Mais la préoccupation la plus courante concernait les impacts environnementaux potentiels : perte de zones humides, abaissement de la nappe phréatique et dégradation de puits privés.

Un rapport d’hydrogéologie publié en mai 2022 par la firme Englobe notait que plusieurs milieux humides seraient vraisemblablement touchés, soit directement par la construction, soit par l’abaissement de la nappe phréatique. Les puits, ainsi que les plans d’eau de surface comme les rivières, pourraient être affectés.

L’un des avocats qui représentent les expropriés, Frédéric Paré, affirme que l’itinéraire de la voie de contournement a été choisi « sur la base des coûts de 2017 et, surtout, de l’expertise que nous avions en 2017 ».

« À cette époque, il n’était pas question de zones humides, de construire un pont et de creuser un canyon, rappelle-t-il. Le projet a beaucoup changé. »

Selon lui, la plupart des évaluations environnementales ont été réalisées avant que les détails de la construction ne soient connus. Le nombre de terres expropriées a également augmenté de manière significative, ajoute-t-il.

Me Paré croit que le tracé proposé a été choisi en partie parce qu’il était le moins coûteux – environ 133 millions lorsque le premier ministre Justin Trudeau et le premier ministre québécois de l’époque, Philippe Couillard, ont annoncé un financement conjoint en 2018.

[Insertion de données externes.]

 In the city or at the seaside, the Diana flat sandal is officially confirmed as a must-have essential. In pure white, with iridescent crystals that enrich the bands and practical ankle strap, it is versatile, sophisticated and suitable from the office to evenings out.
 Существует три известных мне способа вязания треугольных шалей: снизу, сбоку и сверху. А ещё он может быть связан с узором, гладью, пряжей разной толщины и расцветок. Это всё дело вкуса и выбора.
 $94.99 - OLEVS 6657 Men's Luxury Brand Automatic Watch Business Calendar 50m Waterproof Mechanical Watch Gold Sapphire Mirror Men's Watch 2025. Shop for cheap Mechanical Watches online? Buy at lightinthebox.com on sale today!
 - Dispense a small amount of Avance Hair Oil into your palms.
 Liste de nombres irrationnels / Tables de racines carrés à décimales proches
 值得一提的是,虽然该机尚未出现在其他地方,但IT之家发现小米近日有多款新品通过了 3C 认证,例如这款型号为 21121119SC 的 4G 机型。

Transports Canada ne s’avance pas sur la plus récente estimation des coûts, mais Me Paré et les opposants au projet estiment qu’il en coûtera maintenant près d’un milliard de dollars pour ce qui équivaut à un « cadeau » à une compagnie ferroviaire privée.

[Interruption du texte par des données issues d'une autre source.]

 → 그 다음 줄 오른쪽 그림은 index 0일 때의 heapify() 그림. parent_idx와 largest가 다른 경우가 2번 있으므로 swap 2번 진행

Ottawa veut aller de l’avant

Transports Canada demeure pleinement engagé envers la voie de contournement, qui réduira le nombre de résidences situées à proximité du chemin de fer de 265 à 8, et réduira les passages à niveau de 16 à 4.

Cependant, le projet final n’a toujours pas été approuvé.

Mercredi, un porte-parole de l’Office des transports du Canada a laissé entendre que la demande de Central Maine et Québec Railway Canada était incomplète. L’agence a envoyé une lettre à l’entreprise en février pour demander plus d’informations, notamment sur la manière dont les conclusions d’une récente étude hydrogéologique ont été intégrées dans l’évaluation de l’impact environnemental du projet.

Le Canadien Pacifique Kansas City, qui est propriétaire du chemin de fer à Lac-Mégantic, indique dans un courriel que la demande de l’agence de transport nécessite « d’importants travaux supplémentaires » de la part de l’entreprise et de Transports Canada. L’entreprise promet qu’elle travaille « avec diligence » pour terminer sa portion.

De son côté, la mairesse de Lac-Mégantic, Julie Morin, maintient que la voie de contournement est nécessaire en raison de la topographie en pente de Lac-Mégantic, du « traumatisme collectif » du déraillement et du nombre toujours croissant de wagons qui transportent des matières dangereuses au cœur du centre-ville.

De passage à Lac-Mégantic pour les commémorations des 10 ans de la tragédie, M. Trudeau a aussi assuré que son gouvernement ira de l’avant avec la voie de contournement.

« Je sais que des agriculteurs sont préoccupés concernant la perte de terres agricoles, mais pour moi, ce n’est même pas une question qui se pose. La tragédie, le traumatisme et la peine que les gens vivent encore tous les jours avec le train qui continue de passer dans cette ville, on doit en finir et c’est ce qu’on va faire », a indiqué le premier ministre.

Malgré tout, pour l’instant, M. Savoie et sa femme n’ont pas l’intention de commencer à faire leurs boîtes.

Même si le stress et l’incertitude les ont obligés à prendre des médicaments pour dormir, ils se battront jusqu’au bout, en espérant que M. Savoie pourra finir ses jours dans la maison où il est né.